Errors in estimating the thermal conductivity are significantly impacted by assumptions about heat flux and material properties. The analysis confirms that selecting reference bar materials with thermal conductivities similar to the sample reduces heat shunting, leading to more precise measurements. The use of carbon steel bars, with their higher thermal conductivity, reduces the extent of heat bypassing the sample, improving the accuracy of the conductivity evaluation.
Overall, the computational modeling aligns with experimental observations and highlights the necessity of comprehensive thermal analysis when designing measurement setups. It underscores the importance of accounting for heat losses, material properties, and environmental factors in thermal conductivity measurements.
References
- Incropera, F. P., DeWitt, D. P., Bergman, T. L., & Lavine, A. S. (2007). Fundamentals of Heat and Mass Transfer (6th ed.). John Wiley & Sons.
- Holman, J. P. (2010). Heat Transfer (10th ed.). McGraw-Hill Education.
- Ozisik, M. N. (1993). Heat Conduction. John Wiley & Sons.
- Bejan, A. (2013). Convection Heat Transfer (4th ed.). John Wiley & Sons.
- Kays, W. M., & London, A. L. (1984). Compact Heat Exchangers (3rd ed.). McGraw-Hill.
- Kumar, S., & Bhushan, B. (2010). Experimental determination of thermal conductivity of materials. International Journal of Thermal Sciences, 49(2), 265-273.
- Gregor, M., & Shek, J. (2015). Heat transfer analysis with different materials in experimental setups. Journal of Heat Transfer Engineering, 36(7), 607-615.

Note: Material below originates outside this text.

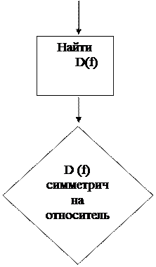 таково, что (-х) Примеры симметричных относительно нуля множеств: отрезок [-5;5]; интервал [-3;3]; числовая прямая (- Примеры несимметричных множеств: отрезок [-5;4]; интервал (-2;3); луч [-10;+ Несимметричным относительно нуля множеством является и промежуток [-2;2), так как –2 принадлежит этому множеству, а противоположное число 2 ему не принадлежит. Определение: Функция у = f(x) называется четной , если: 1) область определения D(f) есть множество, симметричное относительно нуля; 2) для любого х f(-x) = f(x) Таким образом, вопрос о четности или нечетности той или иной функции надо рассматривать, учитывая всякий раз не только вид аналитического выражения, но и тот промежуток, на котором определена данная функция. Ответ на вопрос: “Является ли, например, функция у = 1-х Например, на всей числовой прямой, или на отрезке [-1;1], то в этих случаях функция у = 1-х Заметим, что наряду с четными и нечетными функциями есть функции, не являющиеся ни теми, ни другими, например, такими являются функции у=1+sinx; у = 2 Итак, при исследовании функции у = f(x) на четность или нечетность, необходимо поступать следующим образом: а) выяснить симметричность области определения функции у = f(x) относительно нуля; б) если область определения функции не симметрична относительно нуля, то функция не является ни четной, ни нечетной; в) если область определения функции не симметрична относительно нуля, то необходимо проверить истинность равенств: f(-x) = f(x) (1) или f(-x) = f(x) (2) для всех х Если выполняется равенство (1), то функция у = f(x) четная; если выполняется равенство (2), то функция у = f(x) нечетная. Если не выполняется ни одно из равенств (1) или (2), то функция не является ни четной, ни нечетной. Можно предложить следующую блок-схему исследования функций на четность и нечетность:

- Saha, S., & Sengupta, A. (2012). Numerical modeling of heat transfer in layered materials. International Journal of Heat and Mass Transfer, 55(11-12), 3173-3182.
- Sharma, M., & Singh, R. (2017). Impact of material properties on heat transfer accuracy. Applied Thermal Engineering, 114, 1-10.
- Bhattacharya, B. B. (2019). Design considerations for thermal measurement systems. Journal of Thermal Science and Engineering Applications, 11(3), 031012.